Author: Yu Hang He, Email: hey6@unlv.nevada.edu
Date Last Modified: 07/23/2018

This week, I had the opportunity to visit Chungnam National University in South Korea. The CNU campus is about 45 minutes walk away from the KAIST campus. Similar to KAIST, CNU campus is another beautiful campus with scenic walkways and plentiful of art exhibits along the path. I learned that there are many exchange students in CNU because they have a language school for learning Korean attached to the university.

Right between KAIST and CNU is a popular shopping and dining district called Gungdong. The district is popular for both KAIST and CNU students and professors because it is right around the corner. The district have many different styles of restaurants available from traditional Korean foods to Japanese and Western foods. There are also many different stores and entertainments. I went to restaurants in Gungdong on several occasions. The foods were delicious.
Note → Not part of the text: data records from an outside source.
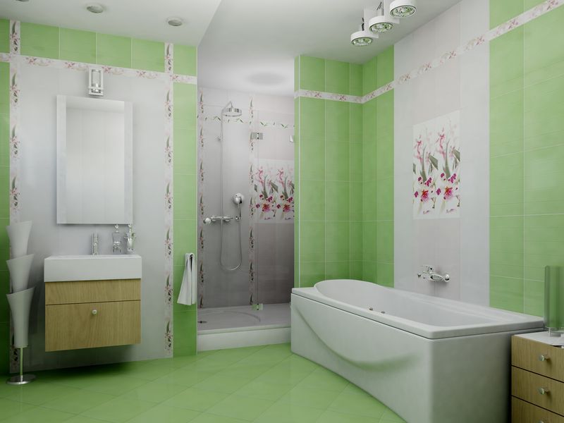 Тем не менее, при оформлении ванного пространства в нежно — зеленом цвете необходимо учитывать, что для этого существует три основных способа: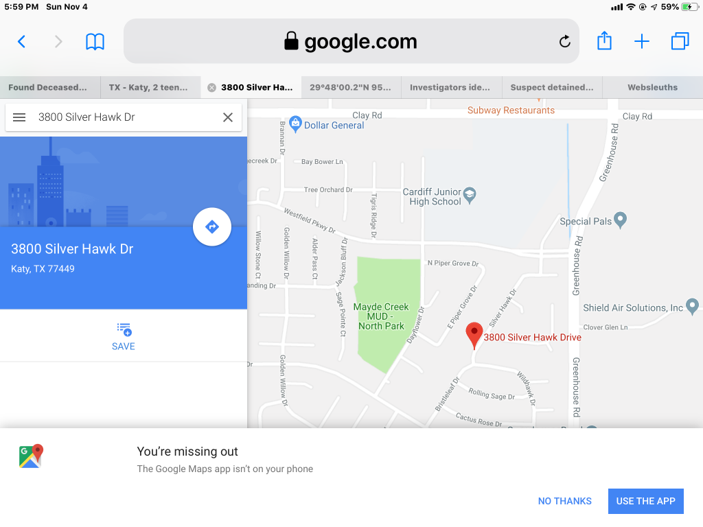 FYI: None of these addresses are in Katy proper. 22592 Round Valley Dr is South of I-10 by a mile or two and just east of HWY 99 (Grand Parkway, the newest and 3rd look to go around Houston.) 6011 Remson Hollow (this one was in my neighborhood) it is in the furthest SW corner of the Katy ISD (almost to Fulshear on the west and Richmond on the south). These are nearly 10 miles apart. 3800 block of Silverhawk Dr is in the far NW boundaries of Katy ISD. It is about 8 miles from the Round Valley address and a little over 16.5 miles from Remson Hollow. While it may not seem that far, when you live there, see the community layouts and traffic, you see there is a big difference. In normal, local traffic it would take nearly 35 minutes to get from Silverhawk to Remson Hollow.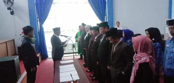 Coverpublik.com – Pemerintah Kota (Pemkot) Bengkulu kembali melakukan penyegaran dibeberapa jabatan dengan melakukan rotasi, diantaranya jabatan eselon III (7) dan eselon IV (13). Pelantikan dilakukan Asisten III Tony Elfian didampingi Kepala Badan Kepegawaian dan Pengembangan SDM Achrawi, Inspektur Inspektorat Eka Rika Rino, Kepala DKP Tarzan Naidi di aula BKPSDM, Rabu (5/7).
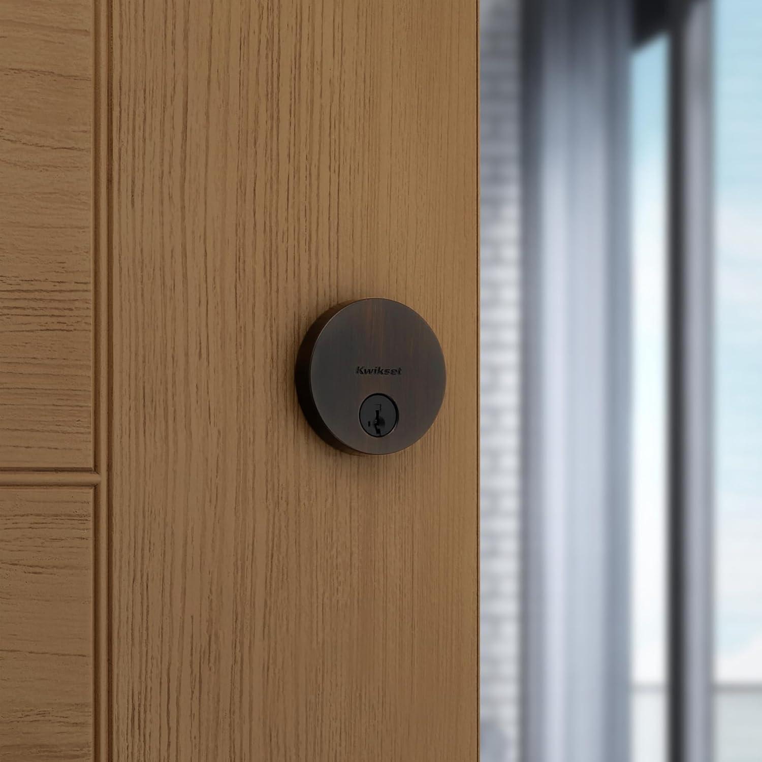 Kwikset Uptown Deadbolt Lock, Matte Black Round Exterior Keyed Front Entry Door, Pick Resistant SmartKey Rekey Security, Single Cylinder Dead Bolt, with Microban Protection(Venetian Bronze)

I think it is important to talk about Korean's work culture. During my time in the Hubo Lab, I was able to gain insight into Korean's work culture. Korean have a much stricter working schedule than United States and probably most western society. A typical day start at 9:00 AM and end at around 10:00 PM in the Hubo Lab.

Last week, I tried to implement the inverse kinematic function into my mocap project. However, after some trial and error, I realized that the available inverse kinematic are not suitable for for this project. After consideration, I decided to implement the inverse kinematic function outlined in this paper by Sinichiro Nakaoka

Currently, the new inverse kinematic function takes three positional inputs at shoulder, elbow, and wrist to calculate joint position at shoulder pitch, yaw, roll and elbow. The new inverse kinematic function are much better suited to imitate motion captured through mocap systems. Furthermore, I can attach additional markers in future experiments to calculate wrist pitch and yaw positions.

Additionally, I implement the filtering functions directly into the Hubo 2's PODO ALPrograms. The new ALProgram will directly parses the positional data captured through mocap system and filter and convert them into joint positional data. The filter implemented in this project is locally weighted scatterplot smoothing method, which I found to be most robust and accurate in filtering both the trajectory and joint data.

I was able to combine everything into a program on Hubo2 that can be operated through GUI to play recorded mocap data for the right arm. The next step will be to limit the Hubo 2's motion within workspace and reduce the joint velocity and acceleration when the motion of human exceeds the speed of Hubo 2.